You know that moment at 7 a.m. when the lunches still need packing, one kid can’t find a shoe, another has a meltdown over math homework, and you haven’t even poured your coffee yet? Now imagine handling all of that completely alone – no partner stepping in, no one to trade off the school run with. For millions of single parents, that chaos is just Tuesday. But two divorced moms from the U.S. looked at the daily grind and decided there had to be a smarter way to survive it. Their solution had nothing to do with finding a new romantic partner – and everything to do with moving in with a best friend.
When the real challenge isn’t the kids – it’s doing it solo
Shannon is a mom of four from Nevada. Cheyanne is a mom of two. Both went through divorces and found themselves navigating the exhausting reality of single parenthood while holding down demanding careers. Shannon runs her own company; Cheyanne works in house painting. Between the two of them, there are six children to feed, drive to school, help with homework, and keep on track – all while earning a living.
What makes their situation even more striking is the financial pressure they face. Neither Shannon nor Cheyanne receives any child support or alimony from their ex-husbands. In fact, the terms of their respective divorces require them to pay their former spouses thousands of dollars every month. Cheyanne alone still owes roughly 200,000 dollars on top of 40,000 dollars in assets she left to her ex. So when people assume these two women are getting a financial cushion from their previous marriages, the reality is the exact opposite.
How do you keep six kids thriving under that kind of strain? That was the question – and the answer turned out to be surprisingly simple.
Best friends, one roof, zero ambiguity
Rather than white-knuckling it alone, Shannon and Cheyanne chose to move in together and split every single responsibility right down the middle. Meals, homework sessions, school drop-offs and pick-ups, laundry, housekeeping, and bills – all shared equally between the two of them. Their relationship is purely platonic, a point they have been clear about from the start. They both still like men, they say. But dividing a household and kid-related duties between two women has simply proven easier than doing it with their ex-husbands ever was.
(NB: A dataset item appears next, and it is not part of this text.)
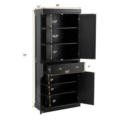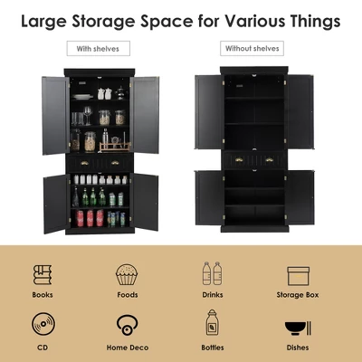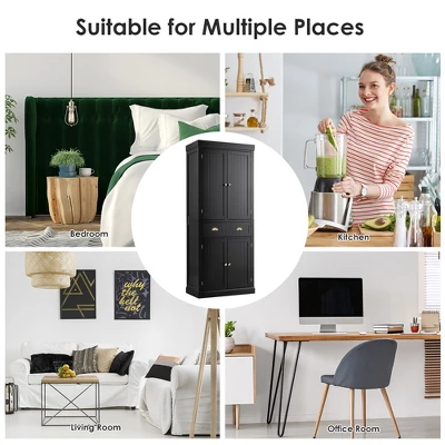 Are you finding a storage cabinet to make full use of space of your room? Our practical storage cabinet with large space can help you solve this problem. Not only can the cabinet be placed in kitchen as a cupboard, but also it is ideal to be a normal cabinet in your bedroom, living room and hallway to add a functional storage option. The storage cabinet has two double-door cabinets and one large center drawer which will provide spacious space for your items. And four shelves come with the cabinet that all can be detached or adjusted in three positions. In addition, the door is equipped with magnetic button to prevent items from falling and round handle for opening and closing easily. Its stylish design makes this cabinet match well with any other home furniture or decors.

Shannon captured the arrangement in a TikTok video that has since been viewed more than 7.6 million times. In it, she describes the setup with a mix of humor and honesty: two moms who decided raising their children together was far simpler than trying to do it alongside their former partners. The caption on one of their posts sums up their philosophy in a single line – life is easier with a village.
The video resonated for a reason. It wasn’t polished or aspirational. It was two real women, buried in real obligations, showing that mutual support doesn’t have to come from a romantic relationship to be transformative.
What their daily life actually looks like
Behind the lighthearted clips they share on social media, there is nothing comedic about the logistics these two navigate. Both women juggle their demanding professional lives with the constant needs of six children of varying ages. When one of them is overwhelmed – a long workday, a sick kid, a deadline that can’t move – the other steps in without being asked. There is no scorekeeping, no negotiation. Just an unspoken agreement that whoever has bandwidth picks up the slack.
Together, they have built something they say neither of them ever experienced in their marriages: stability, genuine mutual support, and a sense of calm. They laugh together, vent together, and raise their blended crew of six in a home that is both structured and warm. It is not a sitcom premise. It is a practical, clear-eyed response to a financial and logistical reality that millions of single mothers recognize instantly.
The fact that their story went viral suggests it struck a nerve well beyond their own living room. For many viewers, it wasn’t just entertaining – it was validating. The idea that your most reliable co-parent might already be in your contact list, no romance required, is quietly revolutionary for anyone who has tried to do it all on their own.
The bottom line
Shannon and Cheyanne didn’t wait for the perfect partner to rebuild stability for their families. They looked at what they actually needed – shared labor, shared expenses, shared presence – and found it in a friendship. Six kids, two careers, staggering divorce-related debt, and not a dollar of support coming in from their exes. Yet they describe their current setup as the most balanced and serene chapter of their lives so far. If nothing else, their story is a powerful reminder that the village we keep talking about doesn’t have to look the way we were told it should.